三上さんはようやく娘さんのことを消化できたというか、「生きてさえいてくれればそれでいい」という境地に持っていけたのは良かったなと思いました。
自分ではどうにも制御できないことで悩むのは、本当に辛いことだと思うので。
奥さんと一緒に「娘はきっといつか帰ってくるだろう」と思って、これからも待ち続けるんでしょうね。
でも、暗く思い詰めた感じではなく、少しだけど明るいところで。
映画で内容は知っていたはずなんですが、残りもだいぶ少なくなってから「あれ? 誘拐事件って起こらなかったんだっけ?」って思っていました。

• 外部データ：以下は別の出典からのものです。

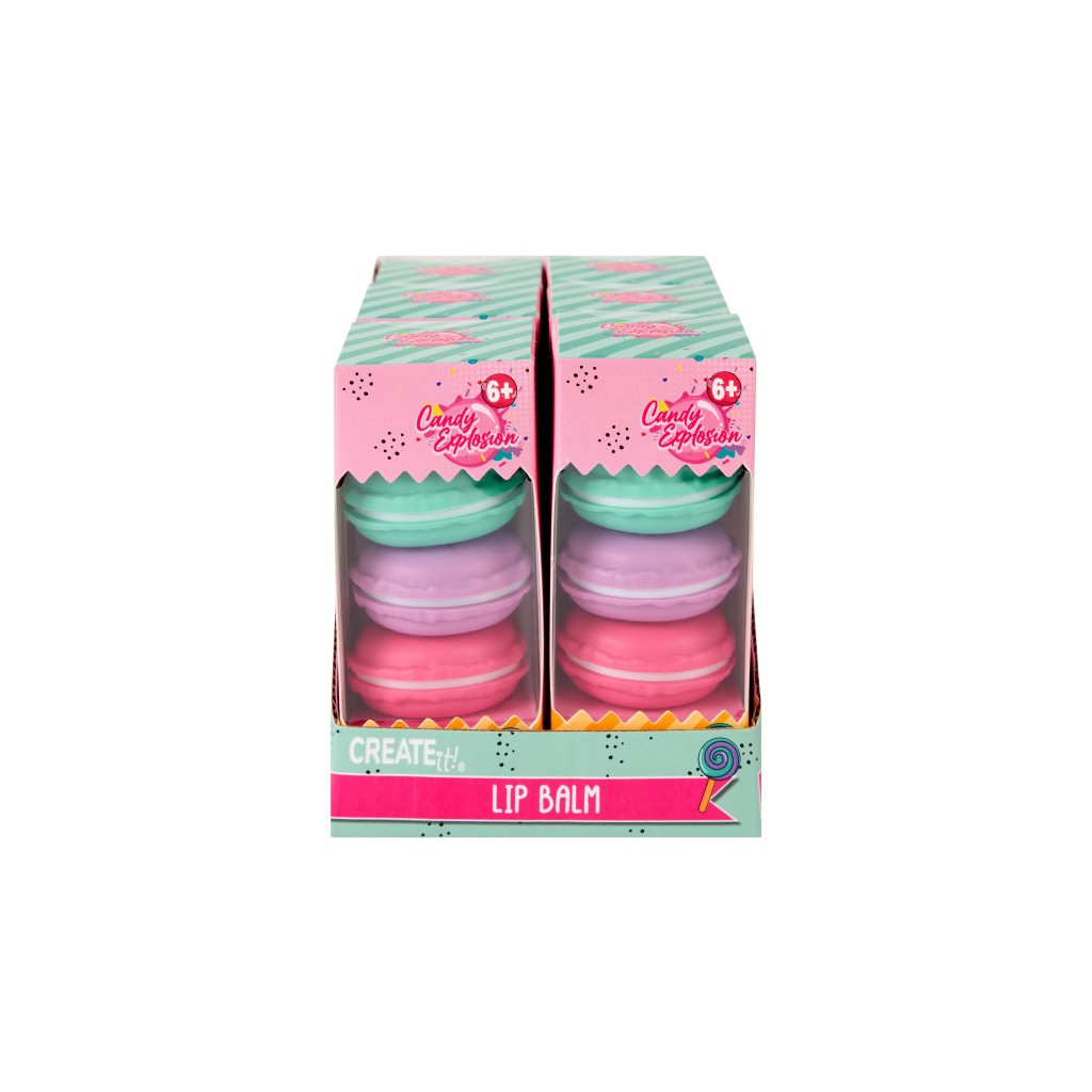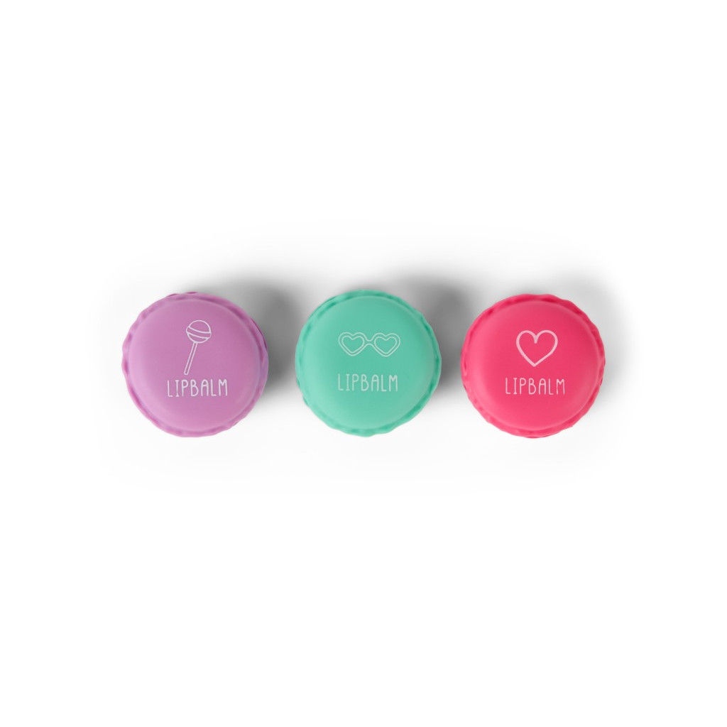 Balzám na rty Makronky Candy, 3 ks – roztomilá sada balzámů na rty ve tvaru barevných makronek. Sladké vůně, jemná péče a hydratace pro vaše rty. Ideální jako malý dárek nebo stylový doplněk do kabelky.

一報がもたらされたとき、「来たー!」って感じでしたね…。
ギリギリになって現れてきた目先という人物。
彼を突き止めるために、長い長い間、ひたすら無言電話をかけ続けた雨宮さん。
それを思うだけで、本当に泣けてきます。
奥さんも亡くなり、一緒に娘を悼んでくれる人がいなくなったけど、それでもやめませんでした。
執念、強い強い思いがようやく実を結びました。
…でも、それをどうしたらいいかがわからなくて、幸田さんと一緒に一生懸命知恵を絞って、今回の誘拐騒動になりました。
もちろんやったことは本当にダメなことだし、そのせいで本当に本当にたくさんの人が振り回されて大変な思いをしました。
けれど、部長が「ロクヨンのホシをあげるのが先決だ」と言い切ったところで、今までのロクヨン事件に対が成仏したのを感じました。
事件が終わった時点では、目先は犯行を認めていないし、幸田さんも雨宮さんもまだ逮捕されていません。
目先が自白すれば、今度はその2人に捜査の手が及ぶんだと思いますが…きっと逃げないんでしょうね。
D 県のたくさんの警察官が成し得なかったことを、たった一人の男性が何年もかけてやり遂げたというのが、本当にすごいですね。
雨宮さんが自宅の電話で、近くの電話ボックスで、ひたすらひたすら電話をかけ続けてリストを消していく姿を想像すると、本当に涙が出ます。
一つの事件が発生して、こんなにもたくさんの警察が報道関係者が動いて、その中でいろんな人の人生が変わったり壊されたりしました。
やっぱり犯罪は良くない、改めて思いました。
今回のことは、ロクヨンの時点で食い止められなかったのが、残念でなりませんでした。
必要のない人たちを犯罪者にしてしまいました。
警察の広報という部署の立ち位置がこんなに大変なものだというのは、全然知らなかったことでした。
刑事たちからは煙たがられて、記者からは吊るし上げられて。
本当に本当に大変な仕事ですね…。
まぁ、いつも大体そうですけど、キャリアの人たちは悪く書かれるなー。
まぁ「細かい事件ではなく大局を見てるから」と言われればそうなのかもしれませんが。
でも、その『大局』の中には、一人一人の小さな個人が集まっているんだよなー…。
お恥ずかしながら、『映画と原作の違い』がよくわからなくて、ちょっと調べてみました。
映画だと、最後に三上さんが暴走して制裁を加えようとして、結局辞職してしまうそうです。
なるほど…それはちょっとね…。
この違いのため、映画は一部の方からは評判が悪いとのこと。
まー、原作の大幅な改変は、ファンからするとものすごく引きずりますからね…。
↑これは映画と原作違いすぎますけどね、いまだに恨んでいますけどね。
多分、私は雨宮さんの事件に対する執念を思って泣いていて、最後はあんまり見てなかったんだと思います…。
あはは。
映画館でボロボロに泣いた記憶がありますので。
まぁ、物語をどの視点で切るかってことなんでしょうね。
私はやっぱり『誘拐事件』が大きなキーだと思っていて、それがどういう事件だったのか、誰が犯人だったのか、今回の模倣犯的な事件はなぜ起きたのか、なんていうのを見ていた感じがします。
だから、三上さんが辞職したこと、忘れてたんでしょうね…。
これを『三上さんの物語』として見れば、ロクヨンも次の誘拐事件も長官の訪問も広報の仕事の忙しさも、どれも気を配れるくらいの比重になって捉えられるんでしょうけど…。
まぁ、どうやって捉えるかは人それぞれってことで。
以前読んだ『映画を早送りで観る人たち』にも、『誤読する自由』みたいなことが書かれていて、それが私の拠り所になっているような気がします(笑)。
とてもおもしろかったです。
やっぱり横山さんの小説は重みがあっていいですね。